Developers of the decentralized AI project Bittensor have halted blockchain operations following the discovery of an attack on user wallets. One user lost $8 million in TAO tokens.
At the time of writing, the network has not processed new blocks for over five hours, according to explorer data.
“We are investigating and have recently halted all chain transactions as a precaution until we have more information about the nature of this attack,” a team member stated on Discord.
On-chain analyst ZachXBT suggested that there was a leak of private keys. He noted that 32,000 TAO worth $8 million were stolen from a single address.
Bittensor co-founder Ala Shaabana confirmed that the project’s network has been switched to safe mode—blocks are being produced, but transactions are not being processed.
By way of an update, we have contained the attack and put the chain into safe mode (blocks producing but no transactions are permitted).
We’re still mid investigation and are considering all possibilities. Stay tuned.
— Ala (@shibshib89) July 3, 2024
Bittensor positions itself as a decentralized marketplace for providers and users of algorithms in AI and machine learning fields. The governance token TAO has a capped supply of 21 million coins, similar to Bitcoin.

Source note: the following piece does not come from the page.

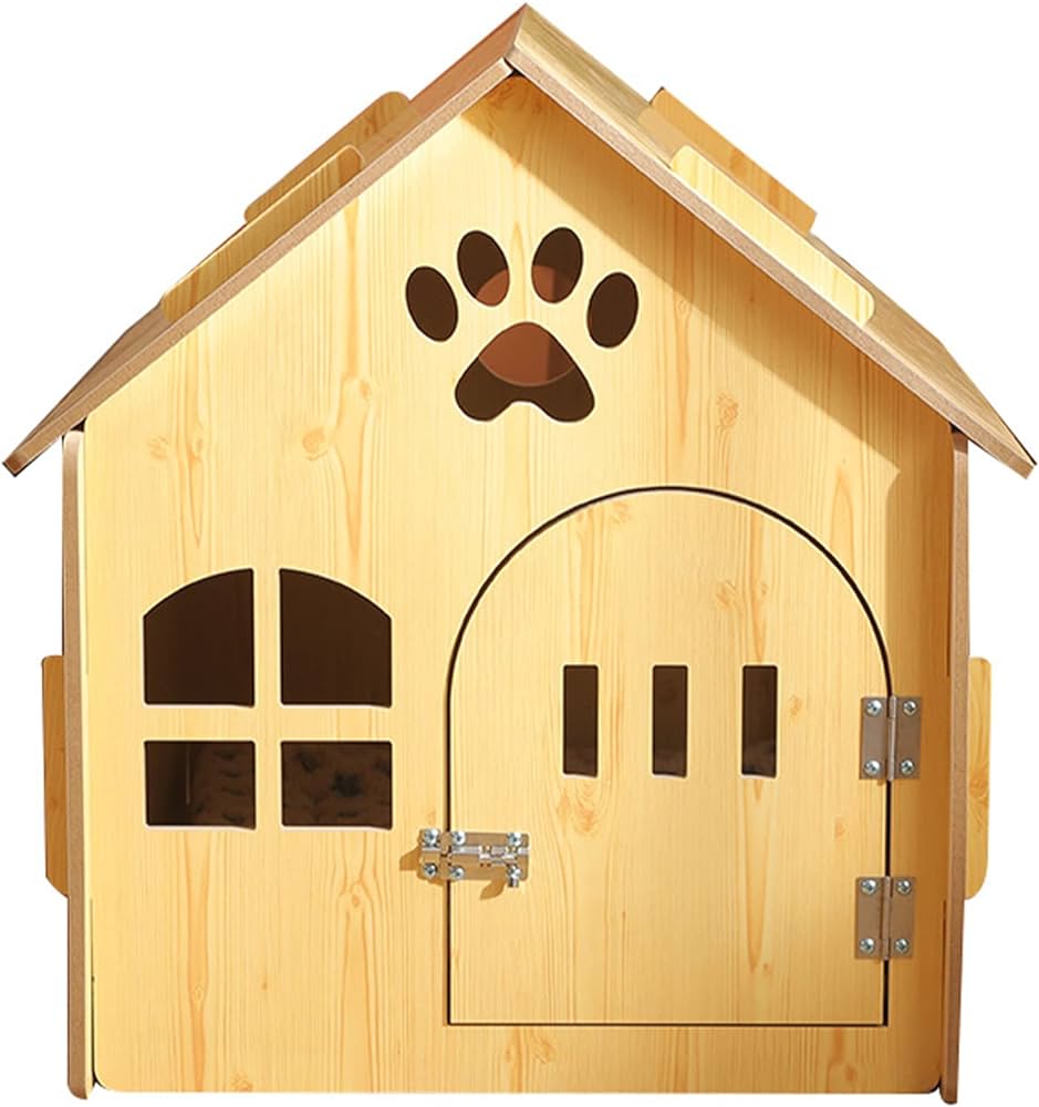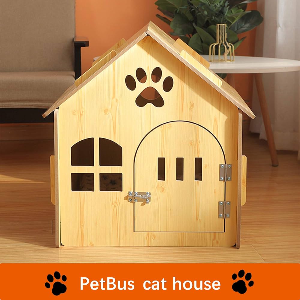 بيت قطط PetBus للقطط الداخلية مع حشوة وسرير كهف للكلاب الصغيرة وأقفاص خشبية للحيوانات الأليفة الصغيرة والأرانب مع باب ونوافذ سهلة التجميع

Following the incident, the asset’s price dropped from ~$265 to ~$225—a 15% decline. After a slight recovery, TAO is trading around $238.
In the AI token segment, TAO ranks sixth by market capitalization, with a value of ~$1.66 billion (CoinGecko).
Earlier in the second quarter, the crypto industry lost ~$572.7 million due to hacks and fraud across 72 incidents, according to Immunefi.